I don't need it personally since I was able to train them within 24GB of VRAM with your code, but the new Mistral-Small model might be useful to people without GPUs (Mac users, etc).

https://huggingface.co/mistralai/Mistral-Small-Instruct-2409

jukofyork

Owner Sep 18

I don't need it personally since I was able to train them within 24GB of VRAM with your code, but the new Mistral-Small model might be useful to people without GPUs (Mac users, etc).

https://huggingface.co/mistralai/Mistral-Small-Instruct-2409

Yeah, I'm going to run for this model and:

https://huggingface.co/anthracite-org/magnum-v3-27b-kto

and probably the new Qwen-2.5 models that are supposed to come out tomorrow (although I read it sounds like they deliberately filtered the pre-training data and they might be pretty bad at writing...).

jukofyork

Owner Sep 20

20/09/24 - Added Qwen2.5-7B-Instruct, Qwen2.5-14B-Instruct, Qwen2.5-32B-Instruct, Qwen2.5-72B-Instruct, magnum-v3-27b-kto and Mistral-Small-Instruct-2409.

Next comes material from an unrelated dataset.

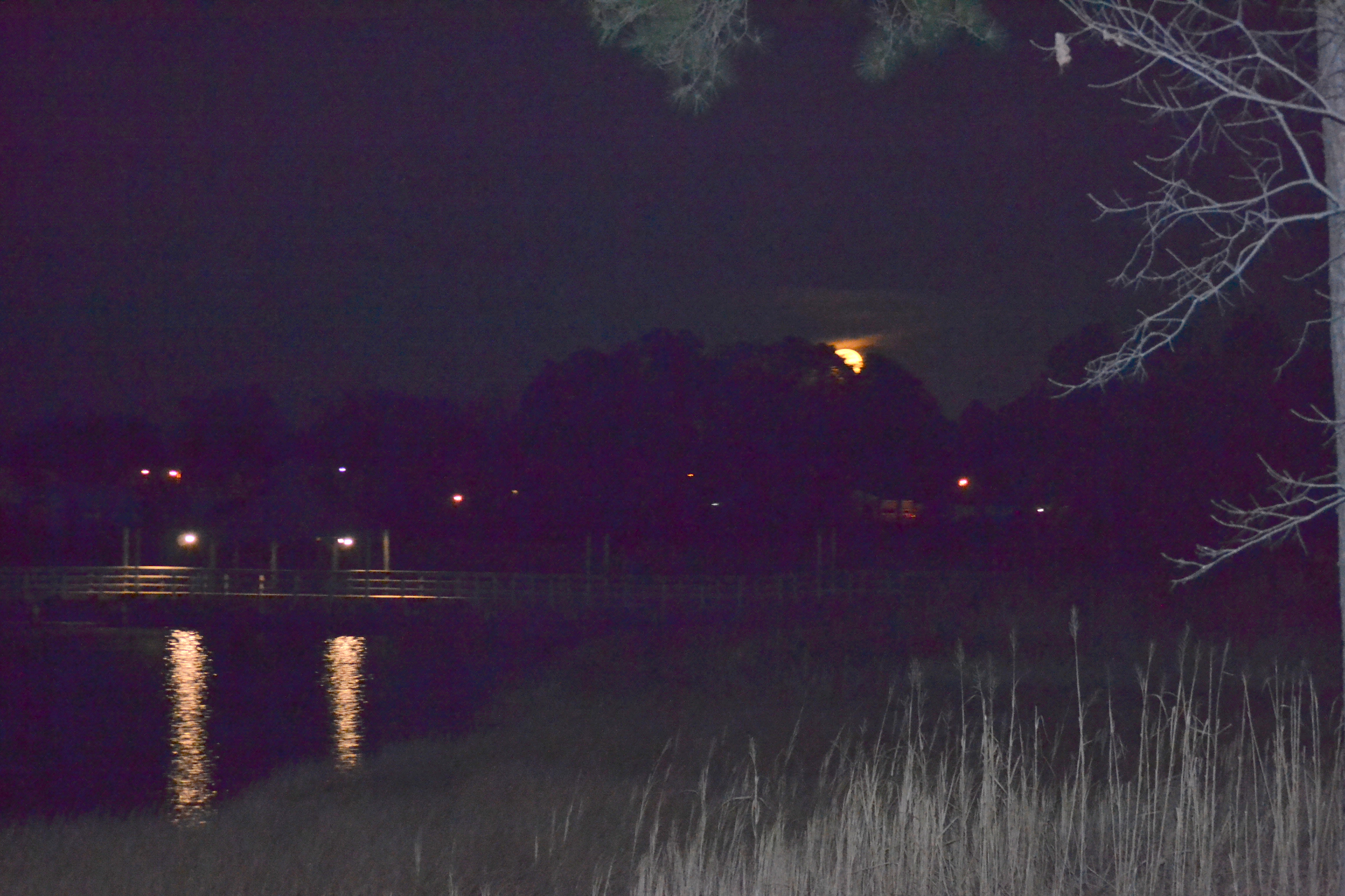 Shortly after Groom Swan’s dinner, Motor Man and I spotted the Supermoon, rising behind the trees.

Let me know if you find any more interesting models and I'll add them to next week's batch.

DazzlingXeno

Sep 20

The Qwen 32b model seems decent at writing from my limited testing.

AIGUYCONTENT

Oct 17

Can control vectors modify how well an llm follows grammar instructions?

e.g.: "Do not write short and choppy sentences. Instead, write medium length sentences that flow well, transition well from one to another, and do not grammatically require a comma. Also, avoid redundant word usage"

I have yet to find an llm (paid or open source) that can regularly adhere to those grammar commands.

gghfez

Oct 17

Can control vectors modify how well an llm follows grammar instructions?

They can do some of what you've said. It'll take some experimentation, and they're not like a system prompt where you explicitly state the rules.

do not grammatically require a comma

I don't think it can be this precise.

Do not write short and choppy sentences. Instead, write medium length sentences that flow well, transition well from one to another

Yes, control vectors work very well for this. I've managed to train Nemo to do this: ---

It takes some trial and error to get the wording right. Claude can help with that if you give it one of the existing continuations json files and tell it what you want.

Note: If you take a verbose model with CoT built-in like Wizard2; and force it to be concise, it loses some of it's reasoning abilities.

Also, avoid redundant word usage

This should be possible as well. jukofyork has already trained an --- vector which might already be what you're after.

https://github.com/jukofyork/control-vectors/blob/main/data/writing_style_continuations/language.json

jukofyork

Owner Oct 17

•

edited Oct 17

Yeah, for control vectors to work well - they need to be very "focused" on a single desired change, eg:

Do not write short and choppy sentences. Instead, write medium length sentences that flow well, transition well from one to another, and do not grammatically require a comma.

and:

Also, avoid redundant word usage.

Would really be two different changes and probably not work well at the same time.

The descriptions also need to be not so specific, as you need to be able to rephrase it 5-10 times using different wording, and each of these 5-10 desired behaviour phrases need to have a similarity phrased opposite/undesired behaviour written too.

If you can get them working then they are more powerful than system messages as you can apply constant "pressure" all through the generation and effectively force the model to keep adhering to the desired behaviour and/or avoid it forgetting.

AIGUYCONTENT

Oct 18

Thank you guys for your advice. I will be giving this a shot in addition to attempting a fine tune.